In my interactions with older relatives, the thing I find that they have the
biggest problem with is that they don't try to explore how the computer
behaves because the are afraid of breaking something.

So, personally, I think that Apple should advertise it's guest mode for OS X
additionally as a "Learn New Things" mode where they very clearly explain that
any changes they make are not going to be permanent and that by shutting off
the computer, everything can go back to normal (maybe create a simulated web
as well). Then there could be a series of tutorial on making significant,
(normally) permanent changes to the computer's behavior.

------
pseale
This sounds like how I helped my grandma with her Outlook/phone/digital photo
woes. With some things (email) she was extremely successful; with others
(digital photos, saving attached photos from emails) she remained lost
forever.

She could have benefited from a dumbed-down interface for the things she
struggled with. Picasa was as close as I could get as simple photo management,
but she needed something even more seamless and simple.

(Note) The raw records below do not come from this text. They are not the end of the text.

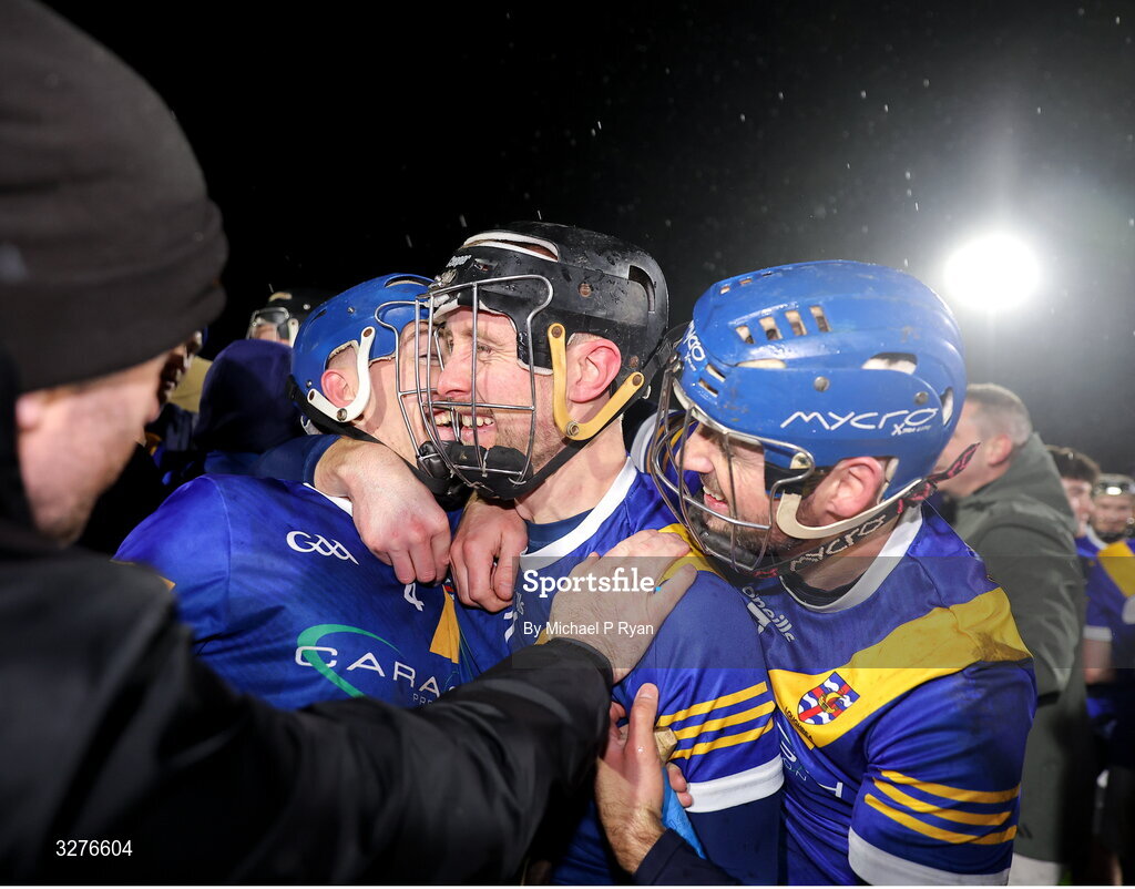 1 November 2025; Loughrea players, from left, Kieran Hanrahan, Neil Keary, and Johnny Coen celebrate at full time during the Galway County Senior Club Hurling Championship final match between St Thomas' and Loughrea at Pearse Stadium in Galway. Photo by Michael P Ryan/Sportsfile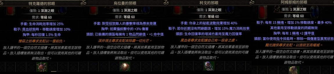 深淵之眼→頭胸甲鞋子手套(柯戈的邪眼秘能波動閃避翻滾、阿姆那姆的邪眼精魂移動速度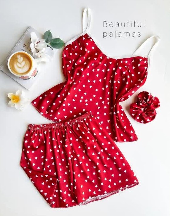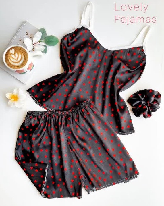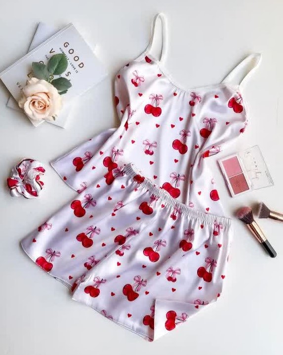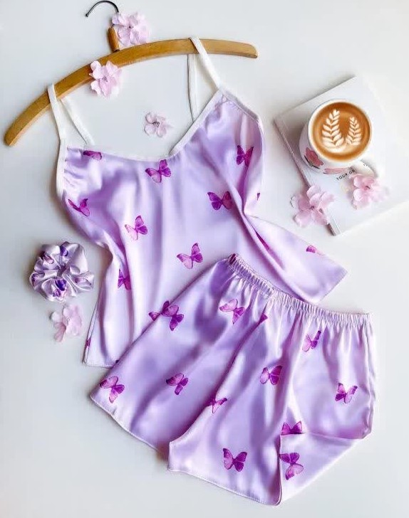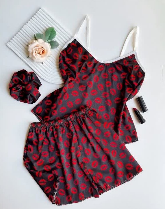 ست تاپ و شورتک ساتن همراه با کش مو . طرح های متنوع که هر طرح تک رنگ میباشد . ساتن لطیف و راحت . دوخت تمیز و با کیفیت

It makes me wonder why there aren't more companies creating products like the
Jitterbug ( <http://www.greatcall.com/> )--for those of you unaware, the
Jitterbug is a cellphone with very large buttons and a presumably easy-to-
navigate menu system, with concierge operator service for remedial support
tasks ("I need to check my voicemail").

Maybe we have tried making extremely simplified UIs for common computing
tasks, and failed (Clippy/MS Bob)? Is there an extremely simple photo
management app (or something on the Mac) that I'm unaware of?

------
sheffield
The world is full of people who have never used a computer. They are called
children.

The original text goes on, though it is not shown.